Wednesday, March 30, 2011

Time to arrange an audition with Maurice Starr

If you heard the muffled screaming coming from my house this afternoon, don't worry yourself, I was only bathing Chumlee, one of my retarded cats.

I haven't had two of my three cats for very long.  As you readers and other hangers on may recall, my neighbor's two kittens came over the fence to my house after being left outdoors at home for several months alone.  They have joined my dumb gay cat Booger in terrorizing all of us.

Like every time I walk into the kitchen they think I should cram more food down their gullets.

Or like every time I attempt to sew they lay down smack in the middle of my project.

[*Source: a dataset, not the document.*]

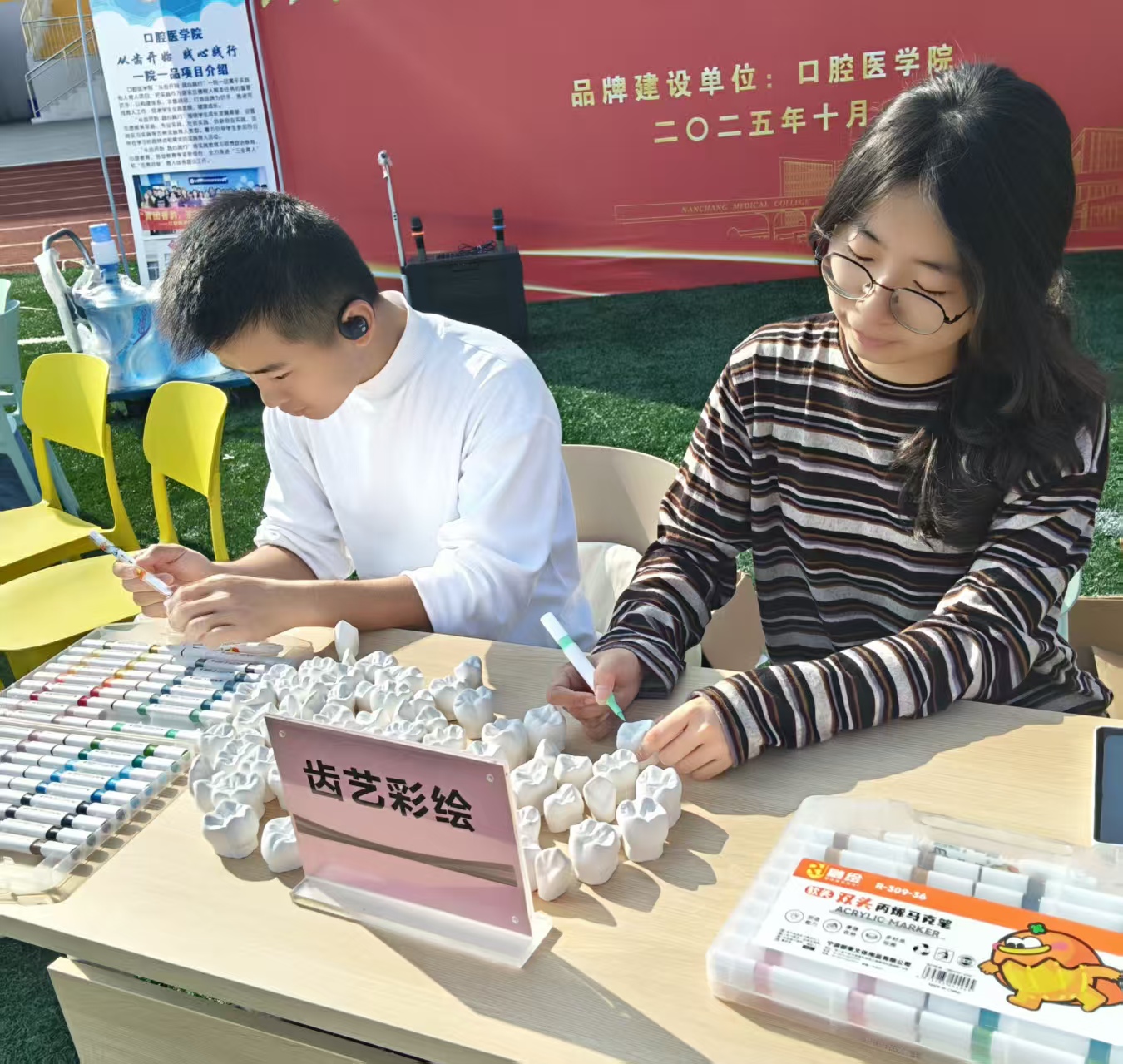 活动以“融合专业、实践、文化与趣味”为核心主题,聚焦口腔医学专业教育、劳动精神培育、中华文化传承及师生互动交流,吸引全校师生积极参与,现场氛围热烈。展示以集章兑奖机制展开,参与者在义诊区享免费口腔检查与健康科普、在知识答题区闯关学护齿知识、在静品茶区感受茶文化、在漆扇制作与 “齿” 艺彩绘区发挥创意、在古韵投壶区体验传统游戏,各环节完成后可集章兑换香囊、护齿用品、生活用品等丰富奖品,沉浸式体验兼具专业性与趣味性。
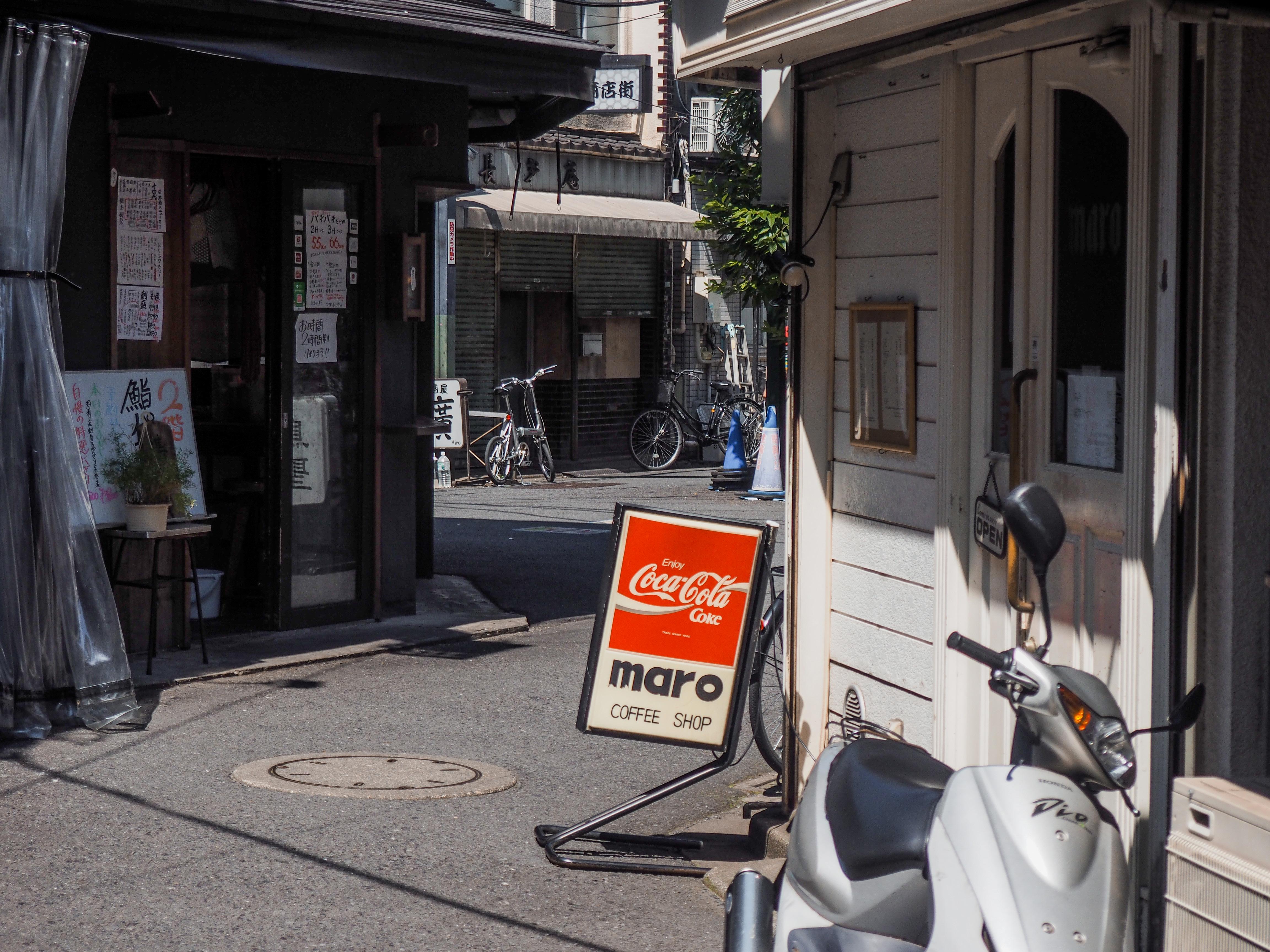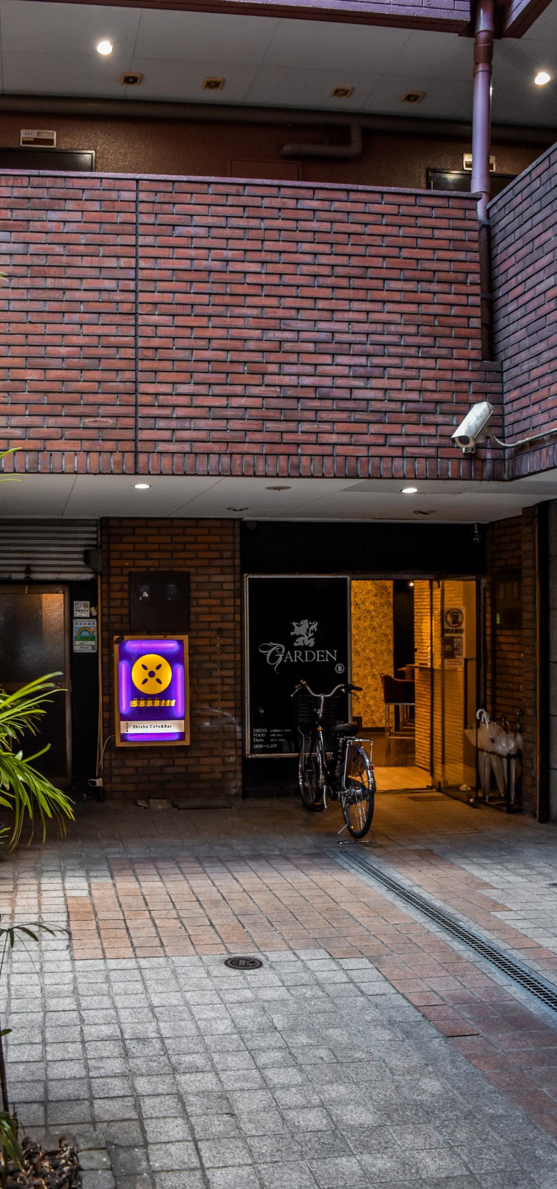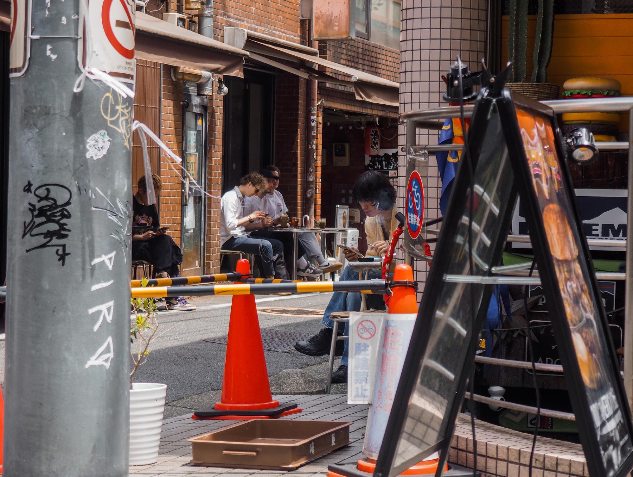 The seating of the smoking cafe at the centre of this junction takes up both sides of the alleyway. 6-8 tables are set up, some under canvas coverage and some not, but mostly filled. The pathway is frequented by shoppers and commuters alike as a shortcut. Bicycle parking occurs further away from the junction on all sides, and an empty lot is overgrown with plants. The main road continuing north of this junction is also closed to vehicles from 16:00 to 18:00 on weekdays.

Or like every time I sit on my toilet they have to observe and critique, or plain stick their heads where they don't belong.

I only terrorized back. 

Chumlee has probably never had a bath before.  He protested most vigorously.  And this cat never meows.  Never.  He makes sweet little trills when he has something to say but otherwise he pads about silent and sort of brainless.  Throw him in a tub full of warm water and he sounds like a New Kids on the Block concert in 1989.

He brooded and licked himself while I cleaned the hair out of the tub with a spatula.

In the morning I'll discover a big pile of poop in my left house slipper.

On a related note, my 17 year old son went to a school function this evening absolutely drenched in Axe.  Despite any encouragement from us to utilize hygiene for the sake of human decency for the last four years, it looks like something or someone may have caught his attention enough to ensure he smells....pleasant.

I'll have him clean out his own tub with a spatula tomorrow.